■ **EXERCISE REQUIREMENTS**
When you reach the line that contains "2003 Collector's Edition" below, transcribe it and each line after it word for word to the end of the records, omitting pictures.

■ **RECORDS SUPPLIED**
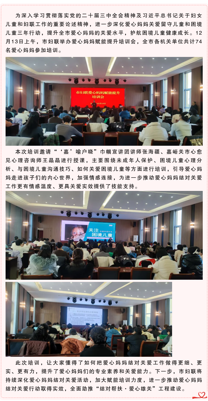 嘉峪关市妇联举办爱心妈妈赋能提升培训
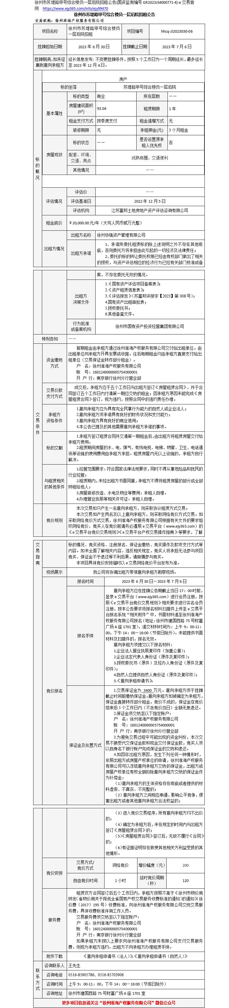 江蘇徐州云龍區(qū)中山南路漢御花園B座一層部分、二層部分、六層房產整體招租公告
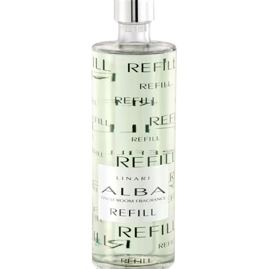 Die Linari Diffusoren sind kleine Kunstwerke, werden aus edlem italienischen Glas geformt, und sind mit Deckeln aus Edelhölzern versehen. Die gleiche Aufmerksamkeit zollt Linari auch den Nachfüllpackungen der Diffusoren. So ist die Alba Nachfüllung ebenso edel aus antikgrünem Glas gefertigt und mit silbernen Wellen verziert. Der Deckel ist mattweiß und die ebenfalls zu der Alba Nachfüllung gehörenden Kapillarstäbchen sind natürlich schwarz. In dieser Kombination fügt sich die Alba Nachfüllung genauso wie die Alba Diffusoren in jeder Umgebung harmonisch in das Ambiente ein.Wenn Sie die Alba Diffusoren von Linari noch nicht kennen, dann lassen Sie sich von dieser wundervollen Komposition aus den Händen von Mark Buxton begeistern. Mandarine, Mango und schwarze Johannisbeere geben den fruchtigen Auftakt, bevor es mit Alpenveilchen, Rosen, Iso E Super und Kaschmirholz opulent wird. Sanft und Seidig kommt der Abschluss des Raumdufts mit Zedernholz, Tonkabohnen, Vetiver und Moschus daher.
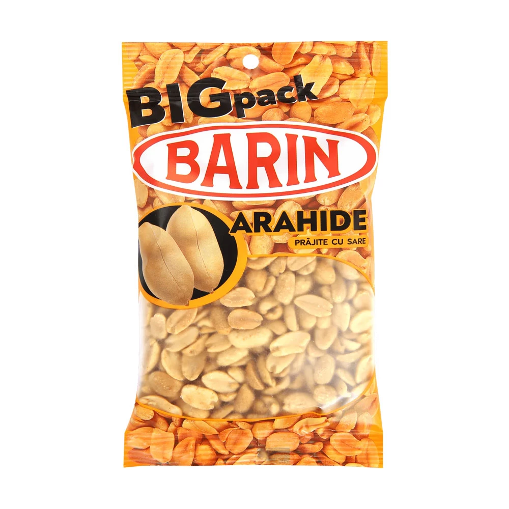 Арахис BARIN жареный с солью (BIG pack) — очищенные ядра, очень хрустящие, равномерно прожаренные с умеренным количеством соли. Отличная закуска в кино, в дороге, на работе и для сырных тарелок; подходит также для салатов и орехово-фруктовых миксов.
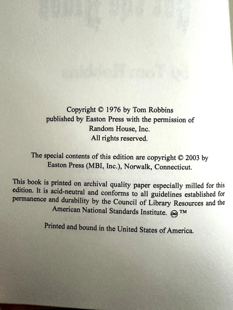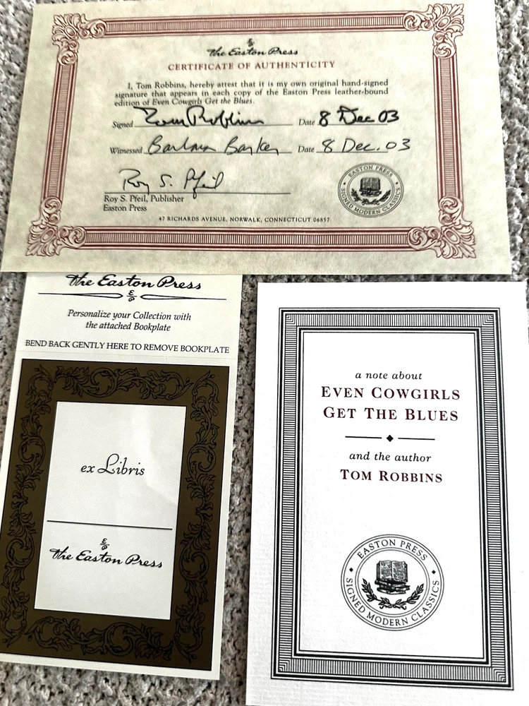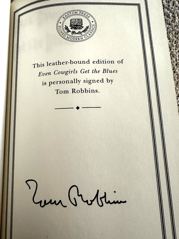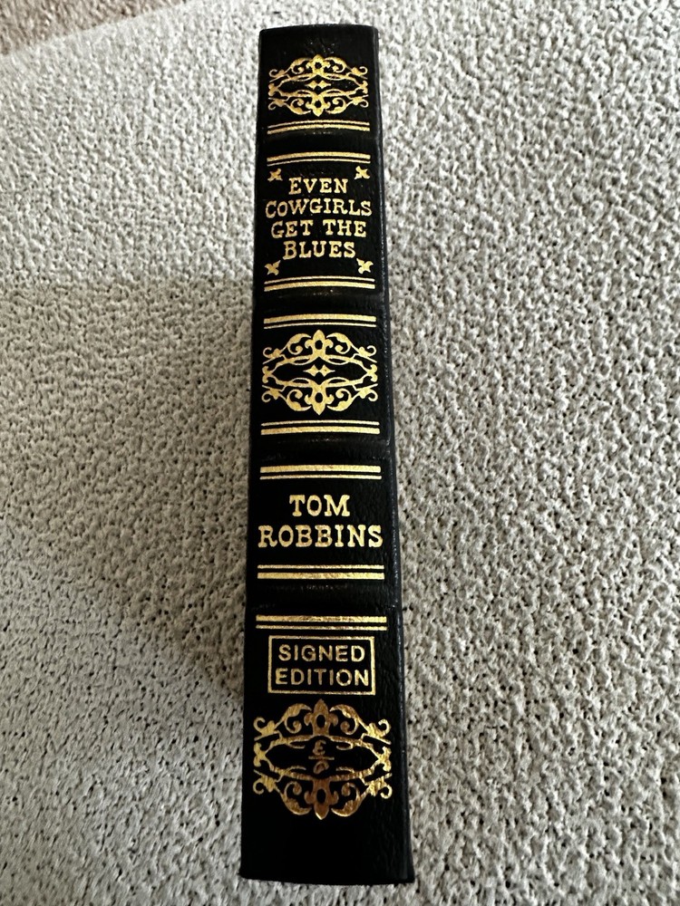 2003 Collector's Edition Signed Easton Press Even Cowgirls Get the Blues Tom Robbins (see photo) Fine condition Leather Gilded pages Satin page marker pp. 365 Dimensions: 8 3/4" x 5 3/4" x 2" Even Cowgirls Get the Blues by Tom Robbins is a 1976 novel blending humor, romance, and philosophical musings. It follows Sissy Hankshaw, a woman with oversized thumbs who uses her hitchhiking prowess to navigate a chaotic world of love, freedom, and self-discovery. From her modeling career to her adventures with a cowgirl commune and a Native American mystic, the story explores themes of individuality, feminism, and the American counterculture. Robbins’ playful, irreverent style mixes absurd plot twists with sharp social commentary.
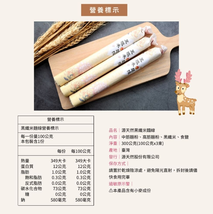 成分: 中筋麵粉、高筋麵粉、黑纖米、食鹽

■ **SOLUTION FOR THIS PROBLEM**
 2003 Collector's Edition Signed Easton Press Even Cowgirls Get the Blues Tom Robbins (see photo) Fine condition Leather Gilded pages Satin page marker pp. 365 Dimensions: 8 3/4" x 5 3/4" x 2" Even Cowgirls Get the Blues by Tom Robbins is a 1976 novel blending humor, romance, and philosophical musings. It follows Sissy Hankshaw, a woman with oversized thumbs who uses her hitchhiking prowess to navigate a chaotic world of love, freedom, and self-discovery. From her modeling career to her adventures with a cowgirl commune and a Native American mystic, the story explores themes of individuality, feminism, and the American counterculture. Robbins’ playful, irreverent style mixes absurd plot twists with sharp social commentary.
 成分: 中筋麵粉、高筋麵粉、黑纖米、食鹽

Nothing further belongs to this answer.